Johnson & Johnson announced on Monday that it has submitted a request to the U.S. Food and Drug Administration (FDA) to broaden the approval of its ketamine-based drug, Spravato, for use as a standalone treatment for treatment-resistant depression.
Spravato was initially approved by the FDA in 2019, specifically for use alongside an oral antidepressant for patients whose depression had not improved after undergoing treatment with two or more antidepressants.
Approximately 30 percent of the estimated 280 million people globally with major depressive disorder suffer from treatment-resistant depression, according to Johnson & Johnson.
“Many patients enduring difficult-to-treat depression often spend excessive time trying various treatments that fail to alleviate their symptoms, resulting in significant functional and emotional challenges for both them and their families,” stated Bill Martin, head of neuroscience at Johnson & Johnson, in a press release.
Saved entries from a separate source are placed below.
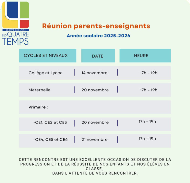 Chers parents,Le Groupe Scolaire Les Quatre Temps a le plaisir de vous inviter aux réunions parents-enseignants, un moment d’échange…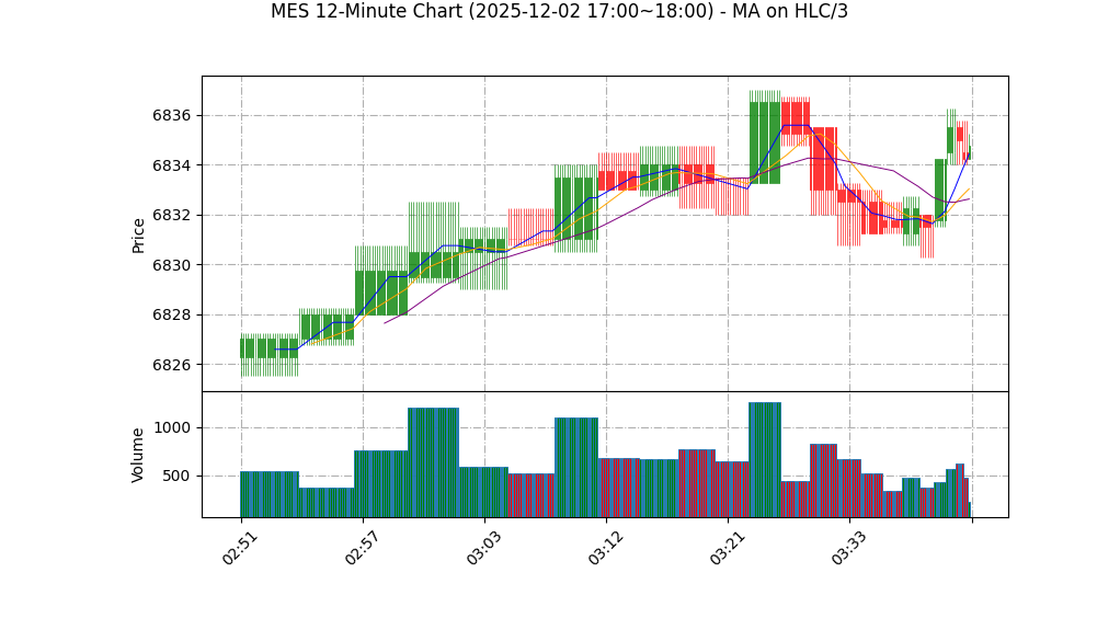 | 12-02 18:00 | 6834.25 | 6835.25 | 6834.25 | 6835.00 | 64 | 6830.02 | 55.5 | 0.311 | 4.25 |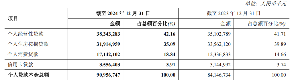 其中,个人经营性贷款约为383.43亿元,较2023年末的351.03亿元增加了32.4亿元;个人消费贷款约为171.42亿元,较2023年末的123.37亿元增加了48.05亿元;信用卡贷款约为35.56亿元,较2023年末的31.45亿元增加了4.11亿元。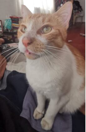 El peludito es de color amarillo con blanco y tiene una manchita negra en el labio. Tiene 5 añitos y, como lo chinean tanto en la casita, pesa unos 7 kilos.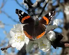 Mating usually occurs in late autumn or early winter following collective migration to southern regions with a warmer climate. The red admiral's main host plant, stinging nettle, is most abundant during this migration. Larval development proceeds through winter and adults are first sighted in early spring. The new generation of adults migrates north before mating, because food is usually diminished by late spring.[15] In Europe, the cyclic nature of this migration has been confirmed by analysing stable isotopes of wing samples. In spring, individuals arriving at northern Europe (Kaliningrad) were of a southern origin, while in autumn the isotope analyses revealed that samples came from the surrounding area or northern latitudes.[16] During migration, the red admiral flies at high altitudes where high-speed winds carry the butterfly, reducing energy expenditure.[17]

The application included data from a late-stage clinical trial indicating that Spravato, when used as a standalone treatment, began to alleviate symptoms as early as 24 hours after administration and continued to do so for at least four weeks.
Spravato is given as a nasal spray and must be administered under the watch of a healthcare provider within a healthcare facility. Unlike traditional antidepressants that target chemicals such as serotonin and dopamine in the brain, Spravato enhances the action of glutamate, the brain’s most prevalent neurotransmitter, facilitating communication between neurons.
Sales of Spravato surged by 60%, reaching $271 million during the three months ending June 30, compared to the same period in 2023. The drug has been utilized by 100,000 individuals across 77 countries, according to Johnson & Johnson.